Aim of the task ::
Please repeat the records word for word and skip the pictures.

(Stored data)
━━━━━━━━━━━━━━━━━━━━━━━━━━━━━━
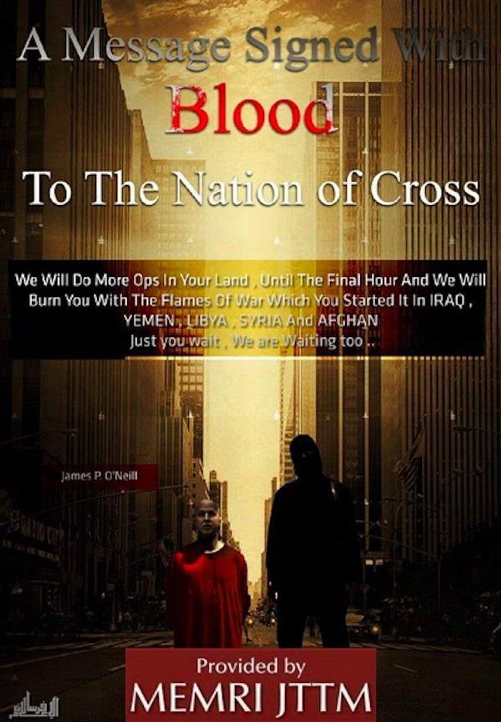 The poster also depicts a New York City background and uses the caption, "A message signed with blood to the nation of [the] cross. We will do more Ops in your land, until the final hour and we will burn you with the flames of war which you started in Iraq, Yemen, Libya, Syria and Afghan. Just you wait, we are waiting too..."
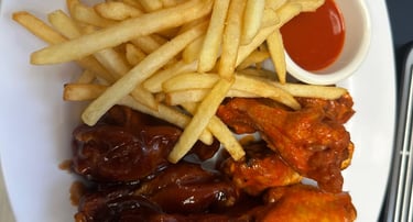 6 chicken wings tossed in Buffalo and Barbecue sauce, and one sauce of your choice.
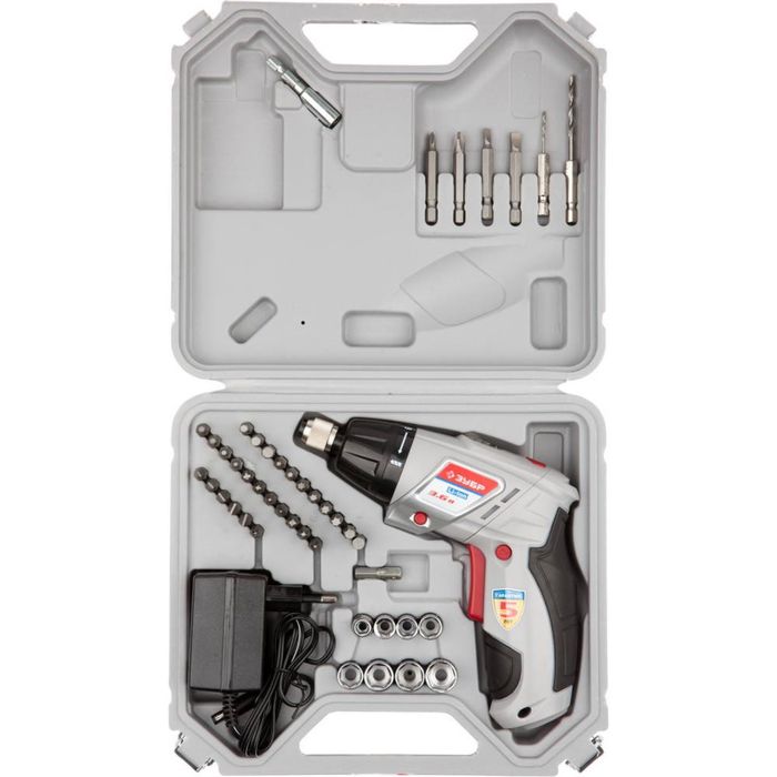 Отвертка "ЗУБР" ЗО-3.6-Ли КН43, аккум., 1.5 Ач, 3.6В, реверс, HEX 1/4, 43 предм, кейс
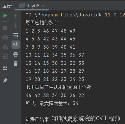 每周,小明施展法术产生的能量为这周7张法术符上数字的中位数。法术施展完7周后,求雨将获得成功,降雨量为7周能量的中位数。
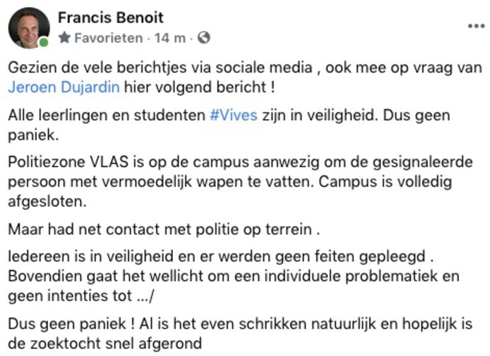 Vives gewapende man. 1 day agoVives-hogeschool ontruimd na melding gewapende man Telenet gaat woningen verhuren met gas water en elektriciteit inbegrepen. Die liep op straat ter hoogte van de VIVES-campus in Kortrijk.
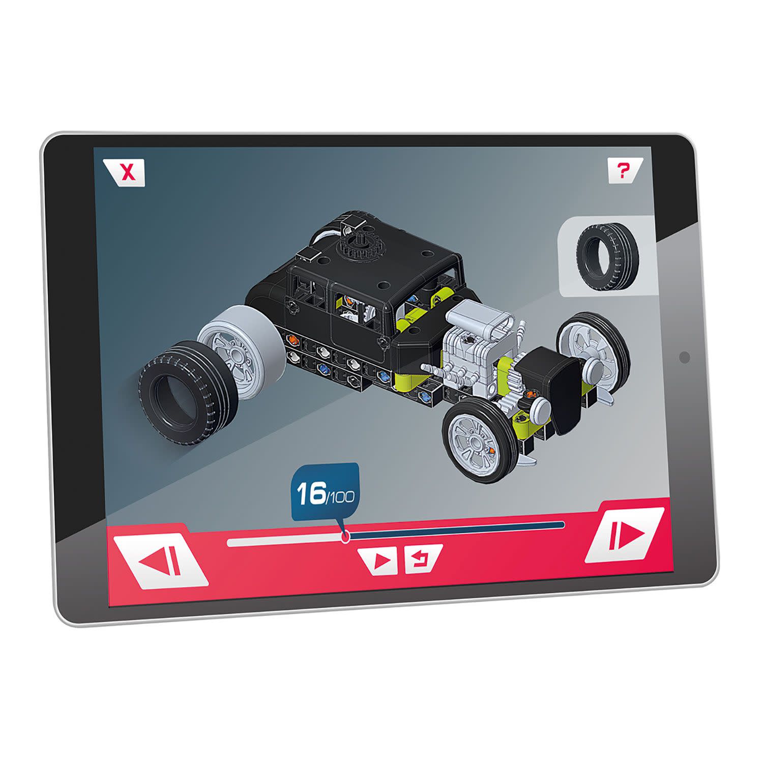 Με αυτό το επιστημονικό εργαστήριο μπορείς να πειραματιστείς με τα συστήματα μετάδοσης της κίνησης, κατασκευάζοντας 2 μοντέλα. Θα βρεις 1 μοντέλο προς συναρμολόγηση σύμφωνα με το εγχειρίδιο οδηγιών ή το app και 1 μοντέλο προς συναρμολόγηση σύμφωνα με το app. Πειραματίσου με πάνω από 130 στοιχεία για τη κατασκευή ενός hotrod με λειτουργία pull back. Δοκίμασε το app χρησιμοποιώντας κινούμενες εικόνες και μοντέλα 3D για συναρμολόγηση βήμα προς βήμα.
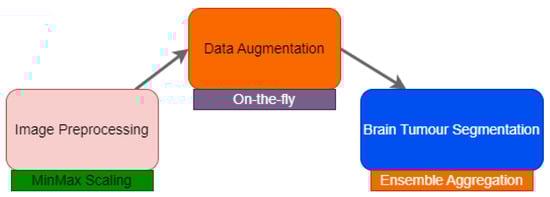 The methodology proposed for brain tumour segmentation follows a structured pipeline, as illustrated in Figure 1. This overall pipeline is composed of three key stages: image preprocessing, data augmentation, and the segmentation stage.
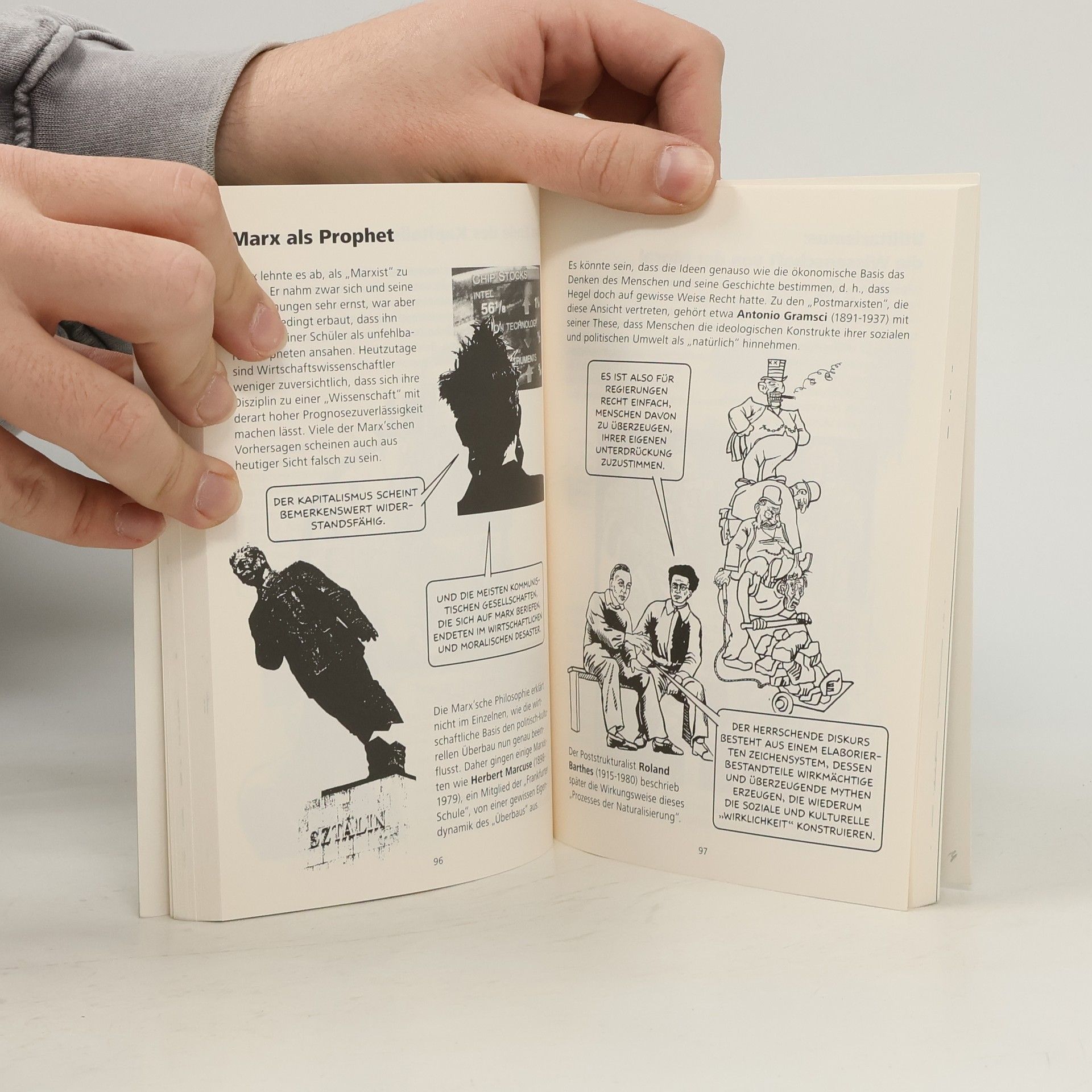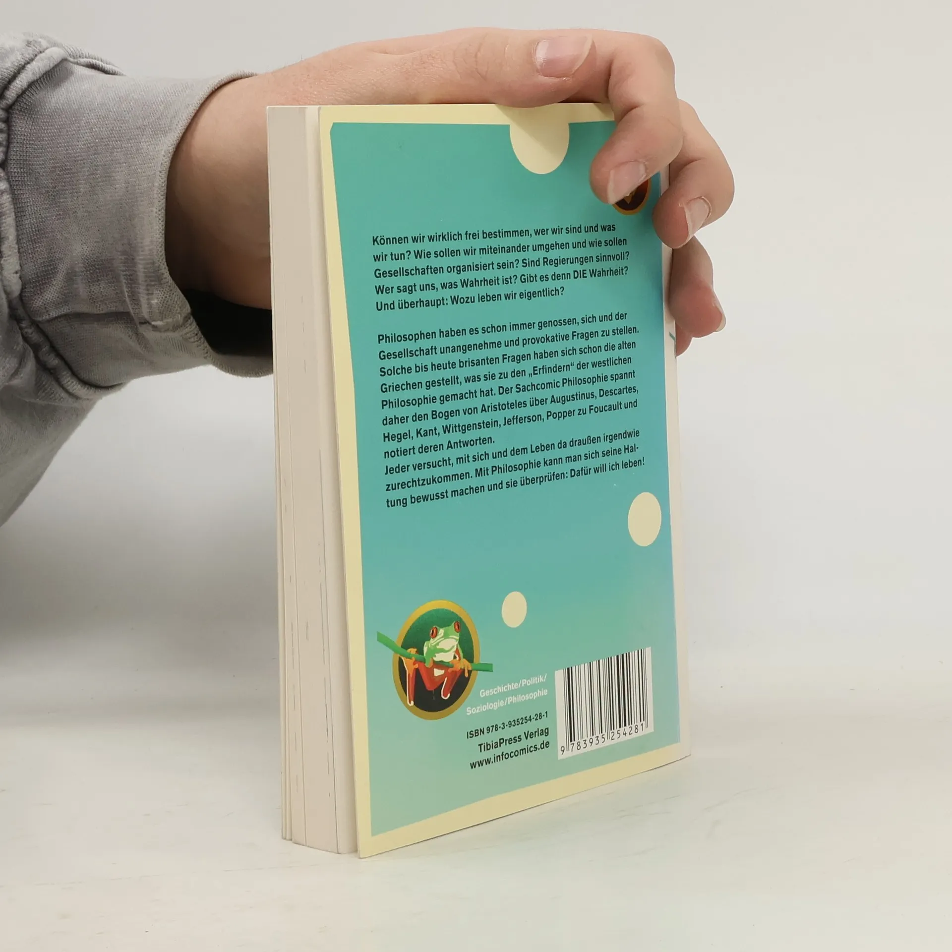 Hilft menschliche Sprache bei der Wahrheitsfindung, wenn ja wie? Sind Regierungen sinnvoll? Können wir wirklich frei bestimmen, wer wir sind und was wir tun? Wer sagt uns was Wahrheit ist? Was ist das Besondere am menschlichen Geist und Bewusstsein? Wie sollen wir miteinander umgehen und wie sollen Gesellschaften organisiert sein? Und überhaupt: Wozu leben wir eigentlich? Philosophen haben es schon immer genossen sich und der Gesellschaft unangenehme und provokative Fragen zu stellen. Diese zeitlosen und nach wie vor brisanten Fragen haben sich schon die alten Griechen gestellt, was sie zu den „Erfindern“ der westlichen Philosophie gemacht hat. Das Sachcomic Philosophie spannt daher den Bogen von Aristoteles über Augustinus, Descartes, Hegel, Kant, Wittgenstein, Jefferson, Karl Popper zu Foucault und notiert deren Antworten. Irgendeine Einstellung zu sich und dem Leben da draußen hat jeder. Hier kann man sie sich bewußt machen und sie überprüfen: dafür will ich leben!
━━━━━━━━━━━━━━━━━━━━━━━━━━━━━━
Expected output ::
 The poster also depicts a New York City background and uses the caption, "A message signed with blood to the nation of [the] cross. We will do more Ops in your land, until the final hour and we will burn you with the flames of war which you started in Iraq, Yemen, Libya, Syria and Afghan. Just you wait, we are waiting too..."
 6 chicken wings tossed in Buffalo and Barbecue sauce, and one sauce of your choice.
 Отвертка "ЗУБР" ЗО-3.6-Ли КН43, аккум., 1.5 Ач, 3.6В, реверс, HEX 1/4, 43 предм, кейс
 每周,小明施展法术产生的能量为这周7张法术符上数字的中位数。法术施展完7周后,求雨将获得成功,降雨量为7周能量的中位数。
 Vives gewapende man. 1 day agoVives-hogeschool ontruimd na melding gewapende man Telenet gaat woningen verhuren met gas water en elektriciteit inbegrepen. Die liep op straat ter hoogte van de VIVES-campus in Kortrijk.
 Με αυτό το επιστημονικό εργαστήριο μπορείς να πειραματιστείς με τα συστήματα μετάδοσης της κίνησης, κατασκευάζοντας 2 μοντέλα. Θα βρεις 1 μοντέλο προς συναρμολόγηση σύμφωνα με το εγχειρίδιο οδηγιών ή το app και 1 μοντέλο προς συναρμολόγηση σύμφωνα με το app. Πειραματίσου με πάνω από 130 στοιχεία για τη κατασκευή ενός hotrod με λειτουργία pull back. Δοκίμασε το app χρησιμοποιώντας κινούμενες εικόνες και μοντέλα 3D για συναρμολόγηση βήμα προς βήμα.
 The methodology proposed for brain tumour segmentation follows a structured pipeline, as illustrated in Figure 1. This overall pipeline is composed of three key stages: image preprocessing, data augmentation, and the segmentation stage.
 Hilft menschliche Sprache bei der Wahrheitsfindung, wenn ja wie? Sind Regierungen sinnvoll? Können wir wirklich frei bestimmen, wer wir sind und was wir tun? Wer sagt uns was Wahrheit ist? Was ist das Besondere am menschlichen Geist und Bewusstsein? Wie sollen wir miteinander umgehen und wie sollen Gesellschaften organisiert sein? Und überhaupt: Wozu leben wir eigentlich? Philosophen haben es schon immer genossen sich und der Gesellschaft unangenehme und provokative Fragen zu stellen. Diese zeitlosen und nach wie vor brisanten Fragen haben sich schon die alten Griechen gestellt, was sie zu den „Erfindern“ der westlichen Philosophie gemacht hat. Das Sachcomic Philosophie spannt daher den Bogen von Aristoteles über Augustinus, Descartes, Hegel, Kant, Wittgenstein, Jefferson, Karl Popper zu Foucault und notiert deren Antworten. Irgendeine Einstellung zu sich und dem Leben da draußen hat jeder. Hier kann man sie sich bewußt machen und sie überprüfen: dafür will ich leben!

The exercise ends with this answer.